# Men's soccer conference play starts this week



## espola (Sep 29, 2016)

Several choices for men's college soccer tonight  --

Big West --

Cal Poly at Fullerton
UC Davis at Northridge
Sac State at Irvine
UCSB at Riverside

Pac 6 --

Oregon State at SDSU
Washington at UCLA

All games at 7PM.


----------



## espola (Sep 30, 2016)

Last night's results --

Big West --

Cal Poly 1-2 at Fullerton
UC Davis 1-2 at Northridge (all 3 goals by PK)
Sac State 2-1 at Irvine
UCSB 2-2 at Riverside

Pac 6 --

Oregon State 1-1 at SDSU (SDSU man down for 19 minutes)
Washington 4-0 at UCLA


----------



## espola (Oct 2, 2016)

Second round of Big West games --

Cal Poly 0-1 at Riverside
UCSB 2-1 at Fullerton
Sac State 0-1 at Northridge
Davis 3-2 at Irvine


----------



## Upper-V (Oct 3, 2016)

espola said:


> Second round of Big West games --
> 
> Cal Poly 0-1 at Riverside
> UCSB 2-1 at Fullerton
> ...


I'm very surprised by Cal Poly's 0-2 start in conference play. Hopefully, for their sake, they will pick up some wins soon.


----------



## espola (Oct 3, 2016)

Upper-V said:


> I'm very surprised by Cal Poly's 0-2 start in conference play. Hopefully, for their sake, they will pick up some wins soon.

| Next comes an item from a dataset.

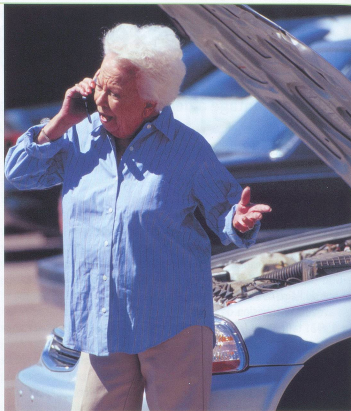
Dans les cas d'urgence, le portable se révèle très utile.

La première étape a consisté à éditer une petite brochure qui a pour mérite d'être imprimée en grands caractères et d'utiliser des termes ultra-simples (les brochu-

In pre-conference play, CP had one of the toughest schedules in the country.  It was thought that things would go easier once they started playing conference games.  Not so far.  There have been a few disruptions in the team and coaching staff in the last few years, so that may be showing through.


----------



## espola (Oct 3, 2016)

Pac 5+1 play has some surprises, with San Diego State in first place after beating Washington in OT.

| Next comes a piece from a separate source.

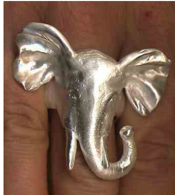
Ring Elephantenkopf Silber € 370,-

http://rpiupdatemenssoccer.blogspot.com/2016/08/pacific-12-conference-standings.html


----------



## Upper-V (Oct 3, 2016)

espola said:


> In pre-conference play, CP had one of the toughest schedules in the country.  It was thought that things would go easier once they started playing conference games.  Not so far.  There have been a few disruptions in the team and coaching staff in the last few years, so that may be showing through.


Hopefully, they'll do well against 2-0 CSUN on Thursday at home. CSUN seems to be on a bit of a roll, although, all three goals in their game against UC Davis were PK's. Agreed, they have had some rough patches the last couple of years


----------